(Records from a collection)
▽

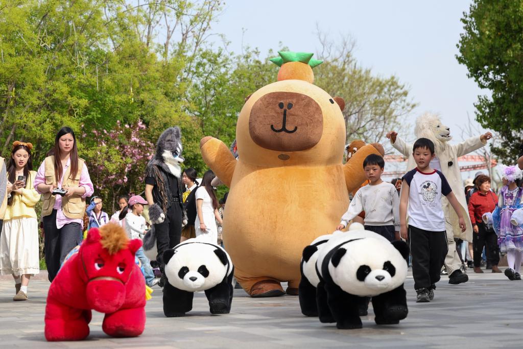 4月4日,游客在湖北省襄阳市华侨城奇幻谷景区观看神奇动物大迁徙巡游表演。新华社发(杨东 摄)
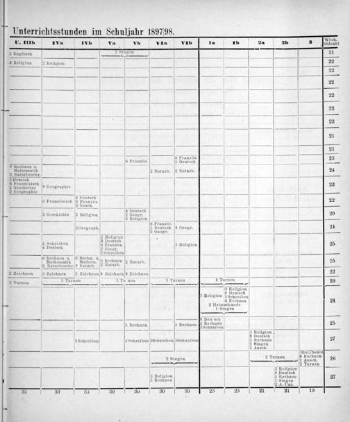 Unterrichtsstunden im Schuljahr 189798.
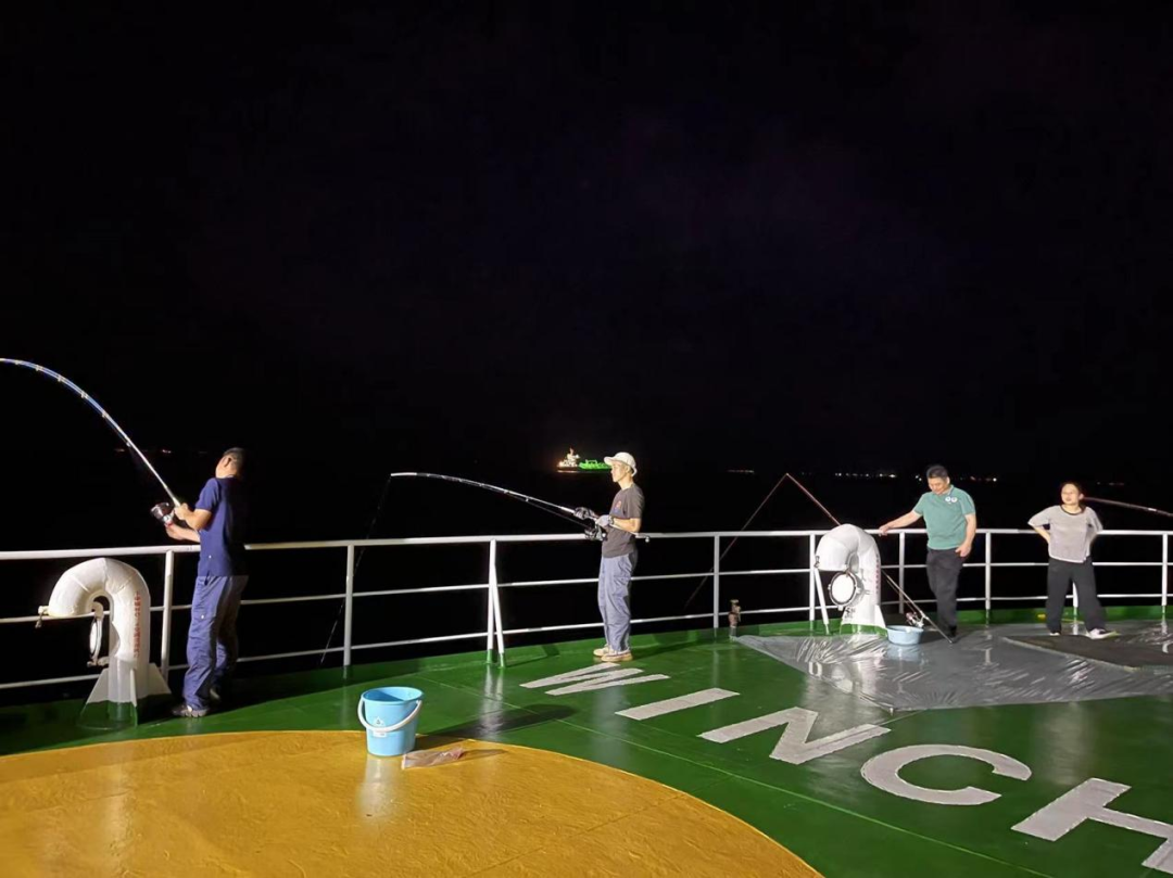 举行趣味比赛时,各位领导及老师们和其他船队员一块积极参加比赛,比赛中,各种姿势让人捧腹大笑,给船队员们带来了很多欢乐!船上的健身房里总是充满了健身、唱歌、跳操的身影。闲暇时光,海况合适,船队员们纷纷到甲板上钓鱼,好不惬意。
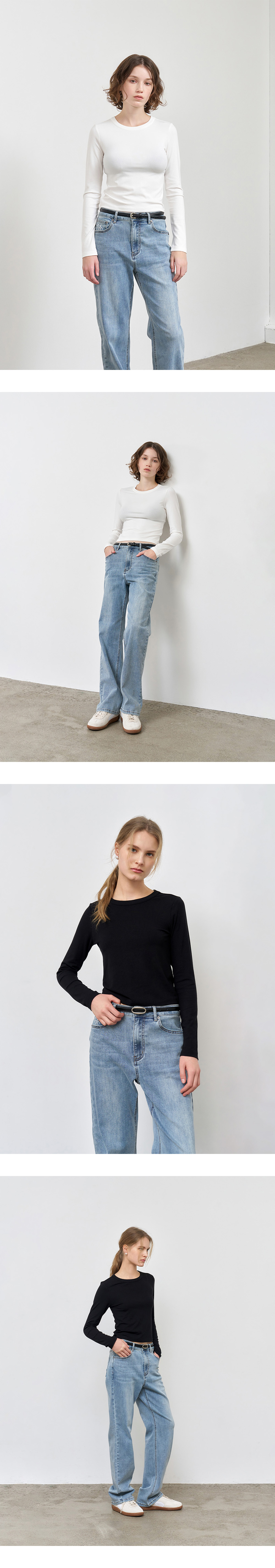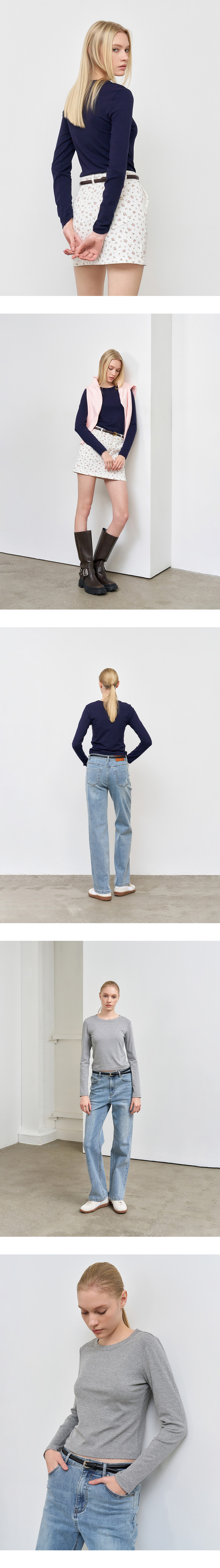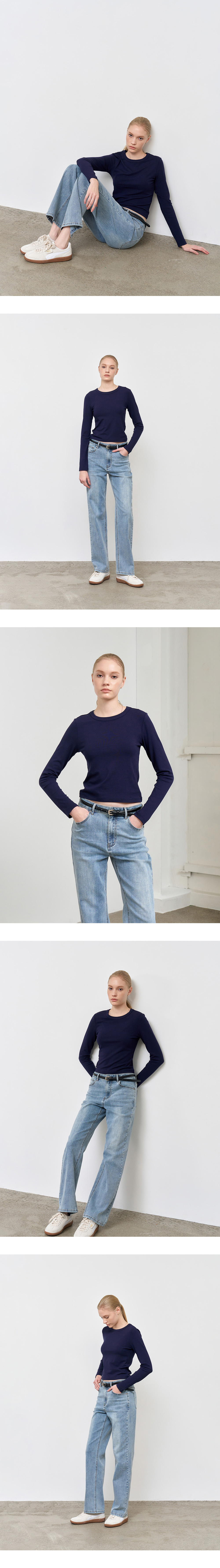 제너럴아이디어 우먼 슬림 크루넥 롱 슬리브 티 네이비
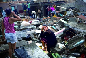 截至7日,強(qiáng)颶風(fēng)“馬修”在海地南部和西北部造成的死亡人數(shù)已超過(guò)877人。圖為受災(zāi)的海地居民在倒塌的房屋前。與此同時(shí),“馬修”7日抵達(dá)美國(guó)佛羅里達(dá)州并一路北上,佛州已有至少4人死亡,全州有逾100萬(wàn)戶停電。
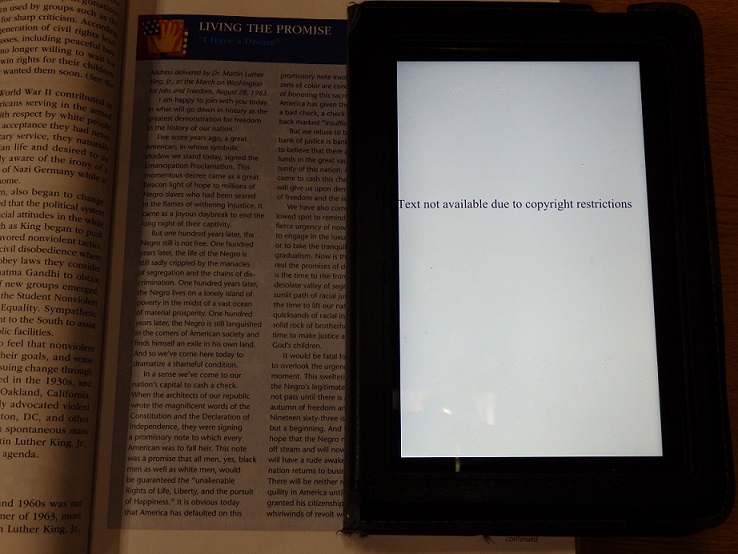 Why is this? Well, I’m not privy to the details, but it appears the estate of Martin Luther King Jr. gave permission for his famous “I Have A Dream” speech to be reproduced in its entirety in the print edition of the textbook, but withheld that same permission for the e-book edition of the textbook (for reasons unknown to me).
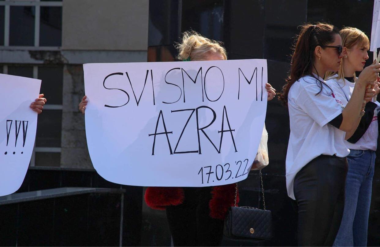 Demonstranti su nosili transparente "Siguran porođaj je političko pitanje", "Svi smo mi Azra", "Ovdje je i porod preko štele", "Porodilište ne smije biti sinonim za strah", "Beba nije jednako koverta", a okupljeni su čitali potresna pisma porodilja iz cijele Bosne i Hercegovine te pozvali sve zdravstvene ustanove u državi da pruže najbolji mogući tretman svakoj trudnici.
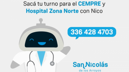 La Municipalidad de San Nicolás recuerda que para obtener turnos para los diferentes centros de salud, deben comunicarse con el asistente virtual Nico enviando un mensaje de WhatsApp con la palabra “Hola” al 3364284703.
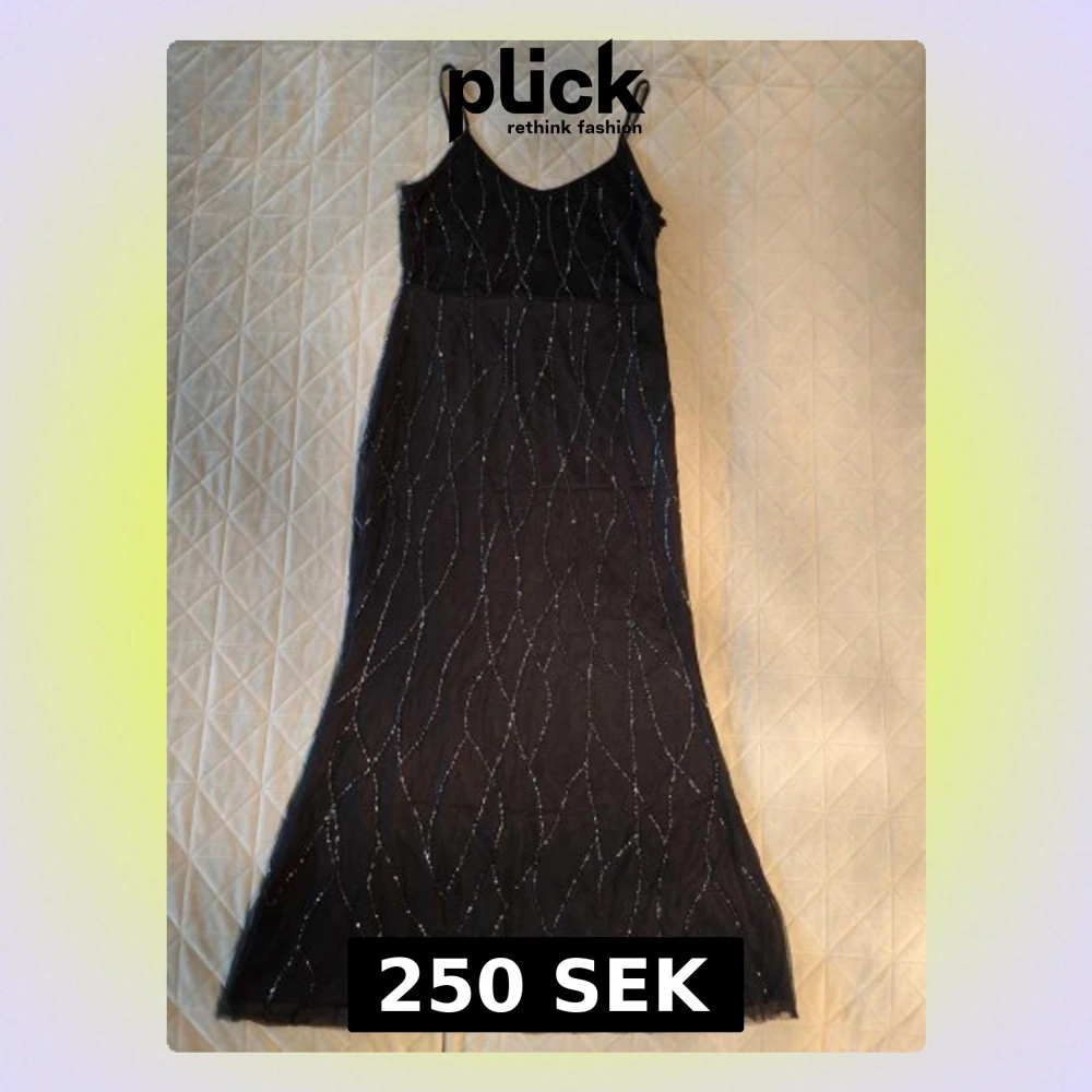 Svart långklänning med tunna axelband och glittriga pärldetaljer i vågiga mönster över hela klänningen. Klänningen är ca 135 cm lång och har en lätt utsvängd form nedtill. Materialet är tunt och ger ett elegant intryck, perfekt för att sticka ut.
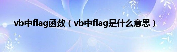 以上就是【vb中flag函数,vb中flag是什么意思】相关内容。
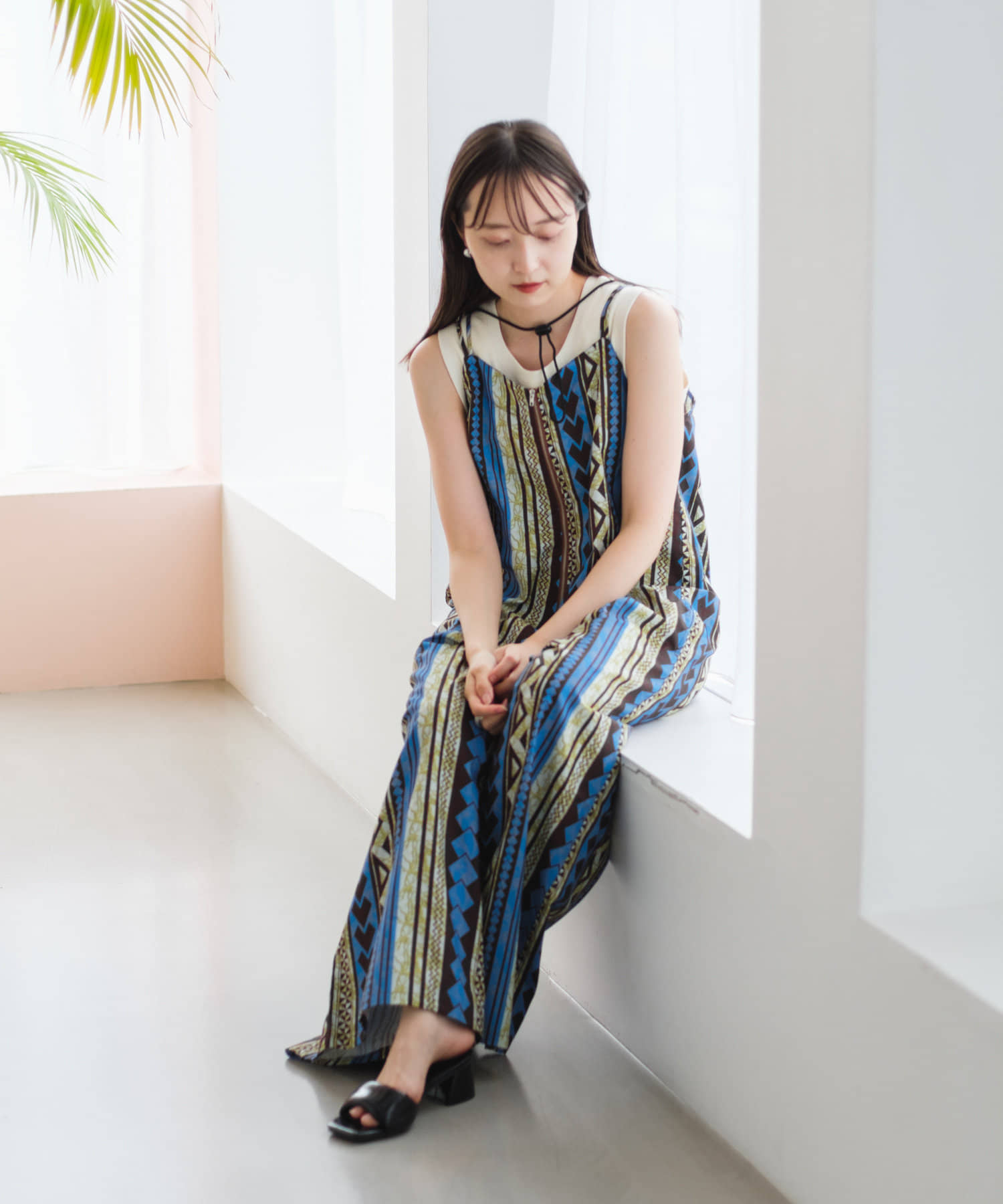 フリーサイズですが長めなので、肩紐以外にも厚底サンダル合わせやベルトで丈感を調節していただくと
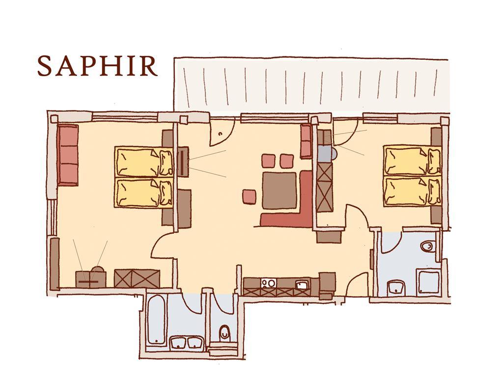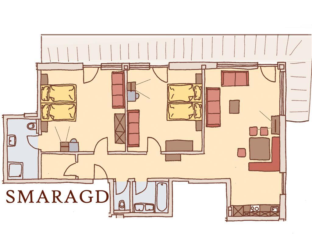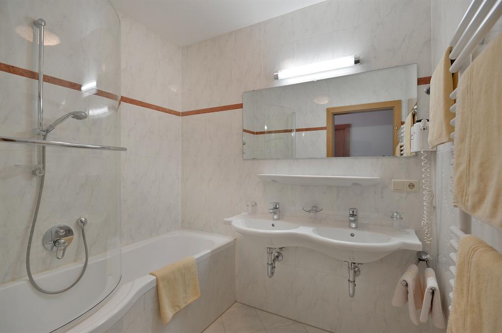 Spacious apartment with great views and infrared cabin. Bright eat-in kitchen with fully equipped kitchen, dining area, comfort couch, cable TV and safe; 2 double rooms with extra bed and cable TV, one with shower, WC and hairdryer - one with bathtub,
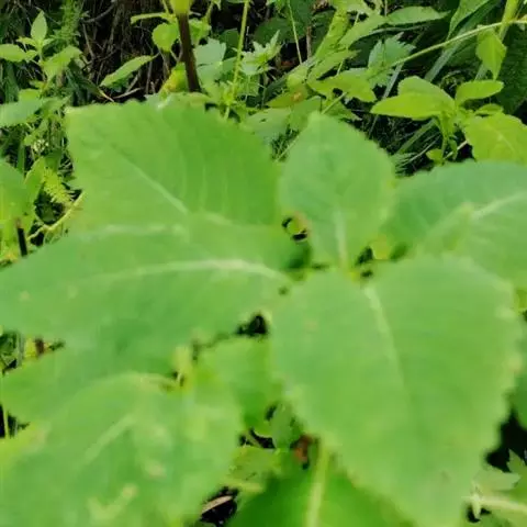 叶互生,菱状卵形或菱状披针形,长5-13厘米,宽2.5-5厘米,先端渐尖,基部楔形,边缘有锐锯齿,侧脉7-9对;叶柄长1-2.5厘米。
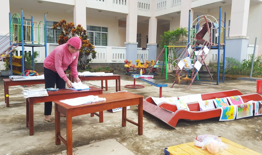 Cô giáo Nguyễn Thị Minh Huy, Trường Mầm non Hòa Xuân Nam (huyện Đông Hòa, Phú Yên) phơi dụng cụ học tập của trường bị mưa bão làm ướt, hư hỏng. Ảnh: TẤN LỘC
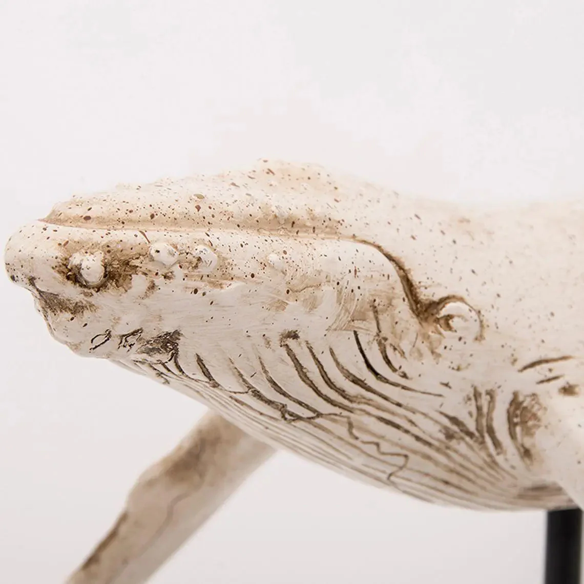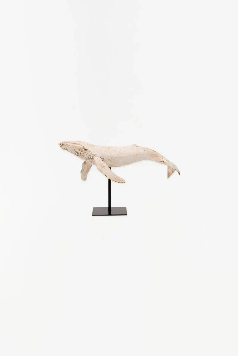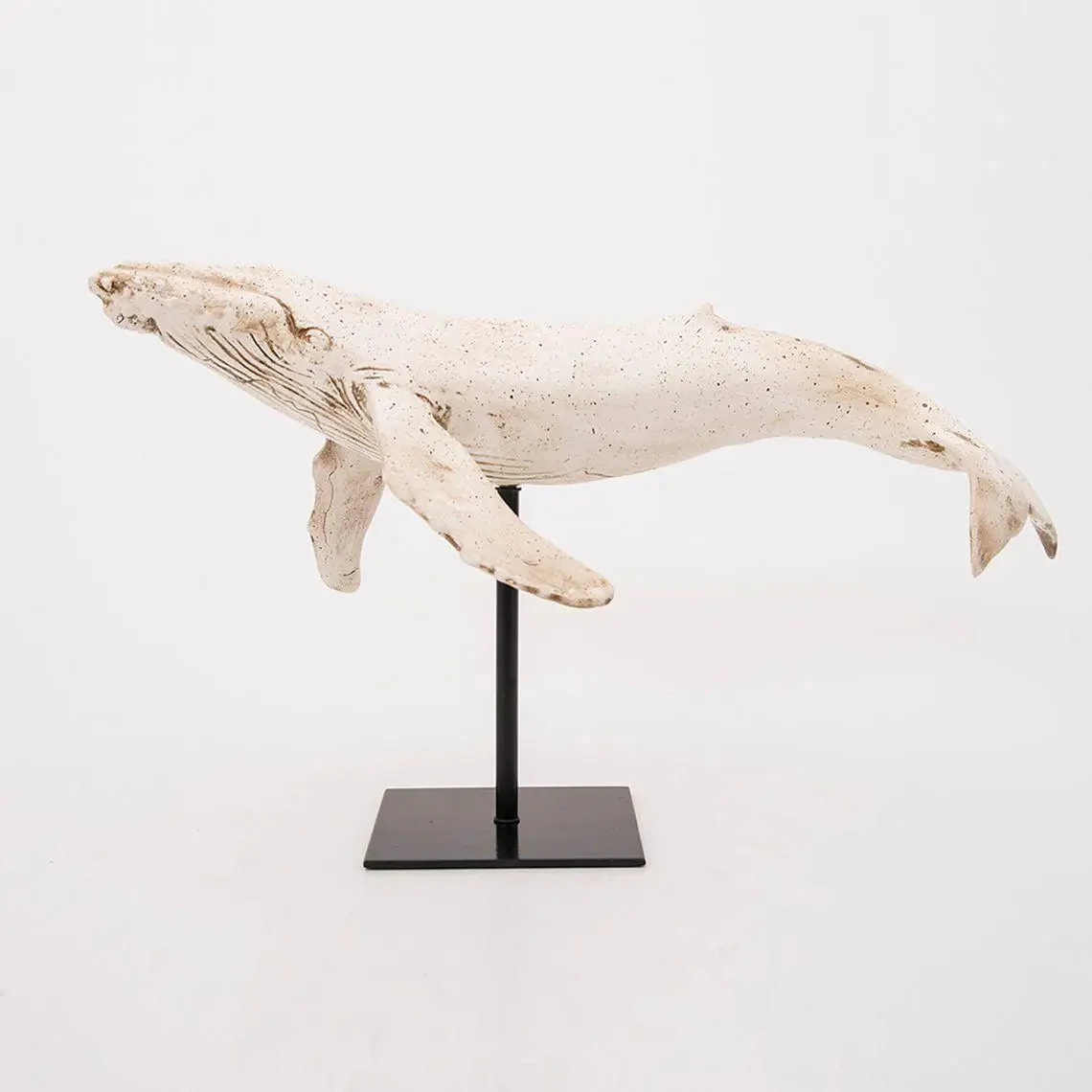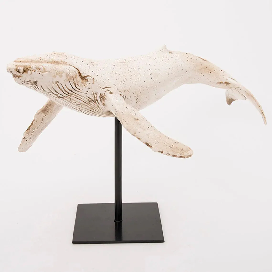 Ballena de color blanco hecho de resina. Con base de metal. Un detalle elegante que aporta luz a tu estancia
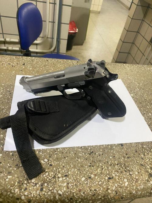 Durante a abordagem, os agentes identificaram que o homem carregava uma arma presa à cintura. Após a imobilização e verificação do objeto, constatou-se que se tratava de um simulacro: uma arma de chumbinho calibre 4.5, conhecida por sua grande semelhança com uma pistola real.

△

- **Goal of the exercise**:
Each line in the records above should be reproduced exactly; images are not copied.

- **Written solution**:
 4月4日,游客在湖北省襄阳市华侨城奇幻谷景区观看神奇动物大迁徙巡游表演。新华社发(杨东 摄)
 Unterrichtsstunden im Schuljahr 189798.
 举行趣味比赛时,各位领导及老师们和其他船队员一块积极参加比赛,比赛中,各种姿势让人捧腹大笑,给船队员们带来了很多欢乐!船上的健身房里总是充满了健身、唱歌、跳操的身影。闲暇时光,海况合适,船队员们纷纷到甲板上钓鱼,好不惬意。
 제너럴아이디어 우먼 슬림 크루넥 롱 슬리브 티 네이비
 截至7日,強(qiáng)颶風(fēng)“馬修”在海地南部和西北部造成的死亡人數(shù)已超過(guò)877人。圖為受災(zāi)的海地居民在倒塌的房屋前。與此同時(shí),“馬修”7日抵達(dá)美國(guó)佛羅里達(dá)州并一路北上,佛州已有至少4人死亡,全州有逾100萬(wàn)戶停電。
 Why is this? Well, I’m not privy to the details, but it appears the estate of Martin Luther King Jr. gave permission for his famous “I Have A Dream” speech to be reproduced in its entirety in the print edition of the textbook, but withheld that same permission for the e-book edition of the textbook (for reasons unknown to me).
 Demonstranti su nosili transparente "Siguran porođaj je političko pitanje", "Svi smo mi Azra", "Ovdje je i porod preko štele", "Porodilište ne smije biti sinonim za strah", "Beba nije jednako koverta", a okupljeni su čitali potresna pisma porodilja iz cijele Bosne i Hercegovine te pozvali sve zdravstvene ustanove u državi da pruže najbolji mogući tretman svakoj trudnici.
 La Municipalidad de San Nicolás recuerda que para obtener turnos para los diferentes centros de salud, deben comunicarse con el asistente virtual Nico enviando un mensaje de WhatsApp con la palabra “Hola” al 3364284703.
 Svart långklänning med tunna axelband och glittriga pärldetaljer i vågiga mönster över hela klänningen. Klänningen är ca 135 cm lång och har en lätt utsvängd form nedtill. Materialet är tunt och ger ett elegant intryck, perfekt för att sticka ut.
 以上就是【vb中flag函数,vb中flag是什么意思】相关内容。
 フリーサイズですが長めなので、肩紐以外にも厚底サンダル合わせやベルトで丈感を調節していただくと
 Spacious apartment with great views and infrared cabin. Bright eat-in kitchen with fully equipped kitchen, dining area, comfort couch, cable TV and safe; 2 double rooms with extra bed and cable TV, one with shower, WC and hairdryer - one with bathtub,
 叶互生,菱状卵形或菱状披针形,长5-13厘米,宽2.5-5厘米,先端渐尖,基部楔形,边缘有锐锯齿,侧脉7-9对;叶柄长1-2.5厘米。
 Cô giáo Nguyễn Thị Minh Huy, Trường Mầm non Hòa Xuân Nam (huyện Đông Hòa, Phú Yên) phơi dụng cụ học tập của trường bị mưa bão làm ướt, hư hỏng. Ảnh: TẤN LỘC
 Ballena de color blanco hecho de resina. Con base de metal. Un detalle elegante que aporta luz a tu estancia
 Durante a abordagem, os agentes identificaram que o homem carregava uma arma presa à cintura. Após a imobilização e verificação do objeto, constatou-se que se tratava de um simulacro: uma arma de chumbinho calibre 4.5, conhecida por sua grande semelhança com uma pistola real.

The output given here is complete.